→ YOUR ASSIGNMENT:
Your answer must be the lines from the first one in the material through the line with "打开 MT 管理器后第一眼看到的就是它的左右两个操作窗口,该设计已经是", retyped exactly and with no pictures.

→ DATA:
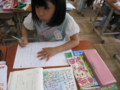 どんな技があるのか,大きな魚よりも泳ぐのが早いなど,本文の中から読み取りをしていきました。「ぼくもはやく泳げるようになりたいな。」と話している子どももいました。
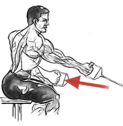 Выполнение - Сядьте на тренажер и упритесь грудью верхнюю часть скамьи. По необходимости, отрегулируйте высоту сиденья. Возьмитесь за рукоятки. Это стартовая позиция.
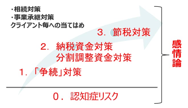 改めて、冒頭の図をご覧ください。「3.節税対策」として、節税を行うのかどうか。行う場合、自社株の評価を下げるのかといった選択肢が出てきます。また、節税だけでなく、評価をコントロールしつつ資金も確保しておかなければなりません。さらに、「2.納税資金対策・分割調整資金対策」として、後継者が必要な資金を確実に用意できるようにしておくという視点も欠かせません。そして当然ながら、兄弟間で争いが生じないよう、遺言を残しておくという「1.争族対策」も重要になります。
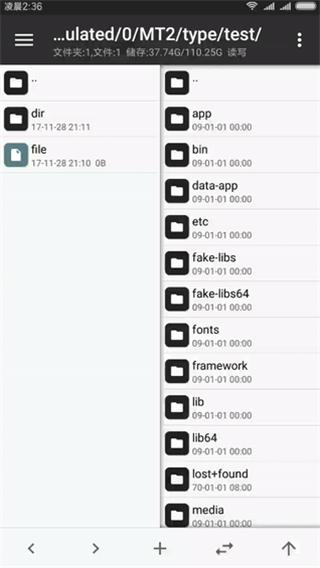 打开 MT 管理器后第一眼看到的就是它的左右两个操作窗口,该设计已经是 MT 的标志之一,与之对应的是双窗口操作模式。如果你是第一次使用,开始会不太适应,但相信我,等你花点时间来熟悉它后,你的操作效率会大大高于使用其它文件管理器。
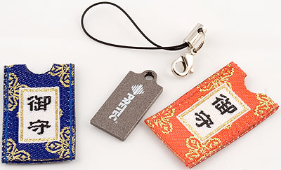 Как я уже сказал, внешне сам накопитель не изменился, да и не мог — меньше его сделать вряд ли бы удалось (размеры, напомню, составляют 21×11,9×1,9 мм, а масса — менее 1 грамма), а увеличивать не имело смысла. А вот комплект поставки поменяли — исчезло кольцо для ношения флэшдрайва с ключами, а также металлическая загогулина для превращения устройства в сережку, по поводу которой я зубоскалил в прошлый раз :) Зато на месте осталась петелька с карабином, позволяющая прикрепить накопитель к, например, мобильному телефону или еще куда-нибудь, дабы не потерять кроху при транспортировке. А добавились два искусно расшитых чехольчика (красный и синий) с одинаковой парой японских иероглифов на каждом. Как многим известно, в странах Дальнего Востока уделяют большое значение символической стороне жизни. Вот и эта пара, как я понял из пояснения на упаковке, символизирует удачу. В любых сферах жизни — любви, карьере, здоровье и т. п. В общем, если Diamond являлся просто симпатичным аксессуаром, то Charm, по замыслу производителя, это уже скорее настоящий талисман, призванный улучшить жизнь владельца. Ну и, разумеется, позволить последнему носить с собой необходимый для счастливой жизни объем информации, не превышающий один гигабайт.

→ YOUR SOLUTION:
 どんな技があるのか,大きな魚よりも泳ぐのが早いなど,本文の中から読み取りをしていきました。「ぼくもはやく泳げるようになりたいな。」と話している子どももいました。
 Выполнение - Сядьте на тренажер и упритесь грудью верхнюю часть скамьи. По необходимости, отрегулируйте высоту сиденья. Возьмитесь за рукоятки. Это стартовая позиция.
 改めて、冒頭の図をご覧ください。「3.節税対策」として、節税を行うのかどうか。行う場合、自社株の評価を下げるのかといった選択肢が出てきます。また、節税だけでなく、評価をコントロールしつつ資金も確保しておかなければなりません。さらに、「2.納税資金対策・分割調整資金対策」として、後継者が必要な資金を確実に用意できるようにしておくという視点も欠かせません。そして当然ながら、兄弟間で争いが生じないよう、遺言を残しておくという「1.争族対策」も重要になります。
 打开 MT 管理器后第一眼看到的就是它的左右两个操作窗口,该设计已经是 MT 的标志之一,与之对应的是双窗口操作模式。如果你是第一次使用,开始会不太适应,但相信我,等你花点时间来熟悉它后,你的操作效率会大大高于使用其它文件管理器。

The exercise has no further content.